**Description of the task:**
Find the line in the entries below that contains "Não é fácil". Repeat it exactly, and every line after it through the line that contains "I simply spread".

[[ Raw data, beginning ]]

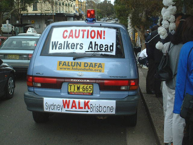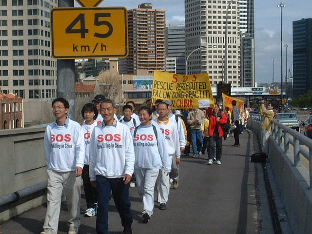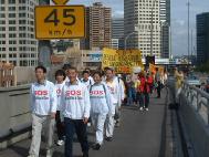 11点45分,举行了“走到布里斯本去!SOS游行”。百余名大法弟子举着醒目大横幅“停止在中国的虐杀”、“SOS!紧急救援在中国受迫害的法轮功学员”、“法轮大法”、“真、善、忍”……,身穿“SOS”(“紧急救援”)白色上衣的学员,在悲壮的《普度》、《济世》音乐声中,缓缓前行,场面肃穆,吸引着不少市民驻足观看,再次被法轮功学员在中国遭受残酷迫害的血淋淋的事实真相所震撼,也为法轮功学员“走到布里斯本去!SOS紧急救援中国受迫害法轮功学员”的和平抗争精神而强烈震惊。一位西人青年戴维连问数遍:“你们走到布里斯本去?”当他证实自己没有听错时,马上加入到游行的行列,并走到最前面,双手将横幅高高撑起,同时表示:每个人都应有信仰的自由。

[[ Raw data, end ]]
[[ Raw data, beginning ]]

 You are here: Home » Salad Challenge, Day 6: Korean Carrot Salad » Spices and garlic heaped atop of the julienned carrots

[[ Raw data, end ]]
[[ Raw data, beginning ]]

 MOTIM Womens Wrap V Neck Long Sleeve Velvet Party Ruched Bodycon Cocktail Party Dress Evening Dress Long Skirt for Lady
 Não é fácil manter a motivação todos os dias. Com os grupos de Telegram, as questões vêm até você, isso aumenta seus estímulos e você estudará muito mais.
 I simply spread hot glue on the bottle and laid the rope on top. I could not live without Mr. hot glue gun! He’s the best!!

[[ Raw data, end ]]

**Response for this exercise:**
 Não é fácil manter a motivação todos os dias. Com os grupos de Telegram, as questões vêm até você, isso aumenta seus estímulos e você estudará muito mais.
 I simply spread hot glue on the bottle and laid the rope on top. I could not live without Mr. hot glue gun! He’s the best!!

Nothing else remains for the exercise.